_Work instruction_.
Reproduce each line below precisely. Drop the pictures.

_Information supplied_.
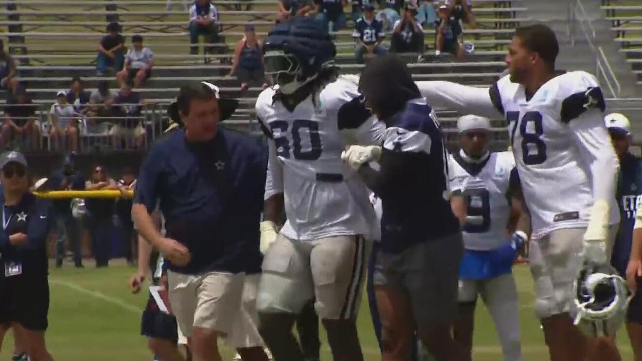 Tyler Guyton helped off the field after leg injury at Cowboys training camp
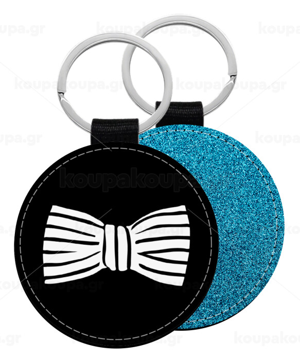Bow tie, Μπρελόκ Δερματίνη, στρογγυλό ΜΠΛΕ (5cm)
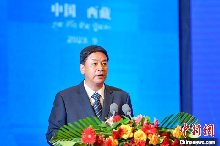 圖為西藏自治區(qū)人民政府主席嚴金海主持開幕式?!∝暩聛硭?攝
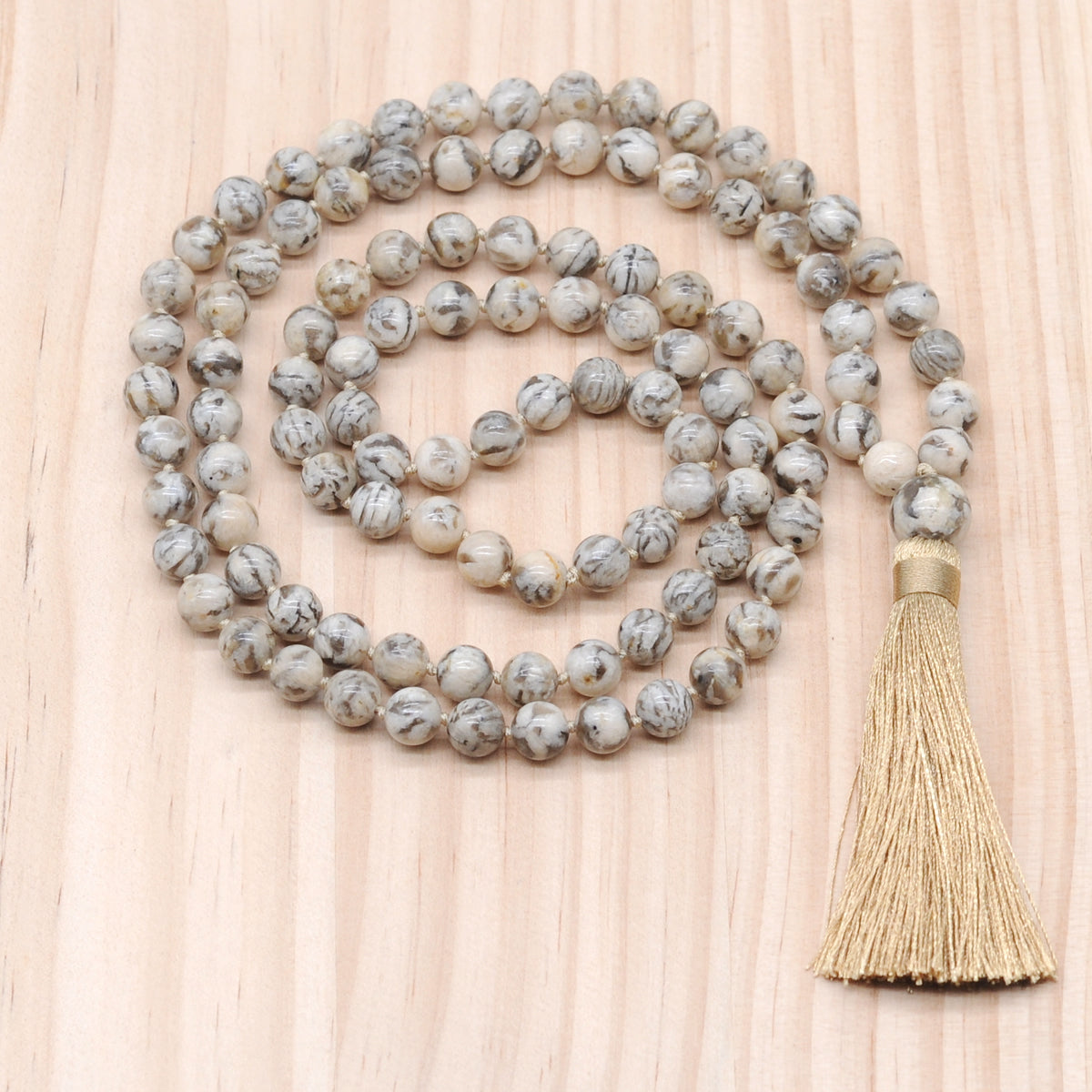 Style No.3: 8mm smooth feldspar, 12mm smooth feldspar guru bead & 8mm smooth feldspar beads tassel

_Result for this task_.
 Tyler Guyton helped off the field after leg injury at Cowboys training camp
Bow tie, Μπρελόκ Δερματίνη, στρογγυλό ΜΠΛΕ (5cm)
 圖為西藏自治區(qū)人民政府主席嚴金海主持開幕式?!∝暩聛硭?攝
 Style No.3: 8mm smooth feldspar, 12mm smooth feldspar guru bead & 8mm smooth feldspar beads tassel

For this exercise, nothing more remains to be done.